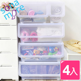 •  【SONA MORE】無印風特寬掀蓋式收納箱(4入)
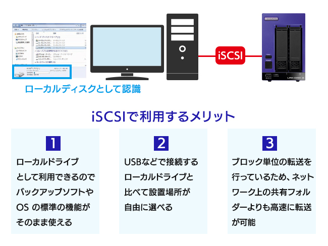 iSCSIターゲット機能により、本商品上に作成した仮想ディスク(VHDX)をiSCSIストレージとして提供することができます。
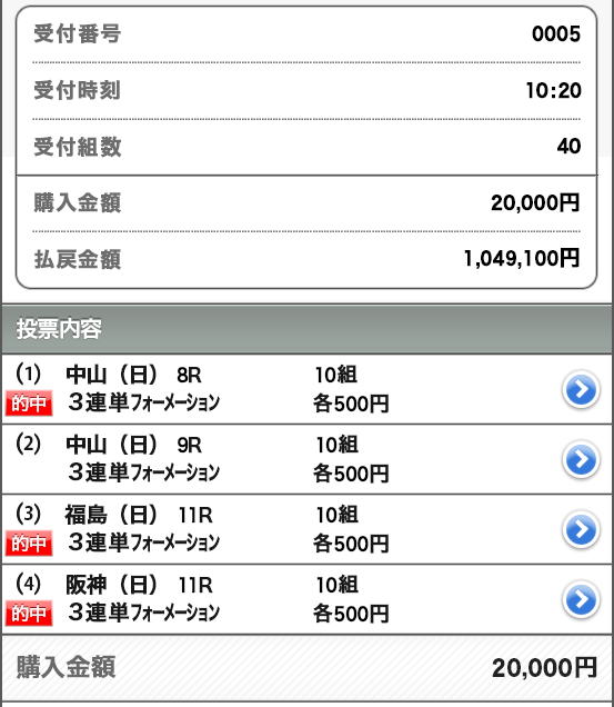 そんな簡単に勝てるなら世話ないだろって感じで利用して1年以上 あんまり口コミとか、食べログとかも書かないけど異常すぎるので結果だけと 桜花賞の3着入ったジッピーチューンは痺れましたね。 最後方からごぼう抜き、オークスでは人気になりそうだけど桜花賞で人気無いうちに獲れて満足 99万2520円払戻し

→ What you should do: Restate the whole listing word for word. Omit the pictures.

→ Answer box:
 •  【SONA MORE】無印風特寬掀蓋式收納箱(4入)
 iSCSIターゲット機能により、本商品上に作成した仮想ディスク(VHDX)をiSCSIストレージとして提供することができます。
 そんな簡単に勝てるなら世話ないだろって感じで利用して1年以上 あんまり口コミとか、食べログとかも書かないけど異常すぎるので結果だけと 桜花賞の3着入ったジッピーチューンは痺れましたね。 最後方からごぼう抜き、オークスでは人気になりそうだけど桜花賞で人気無いうちに獲れて満足 99万2520円払戻し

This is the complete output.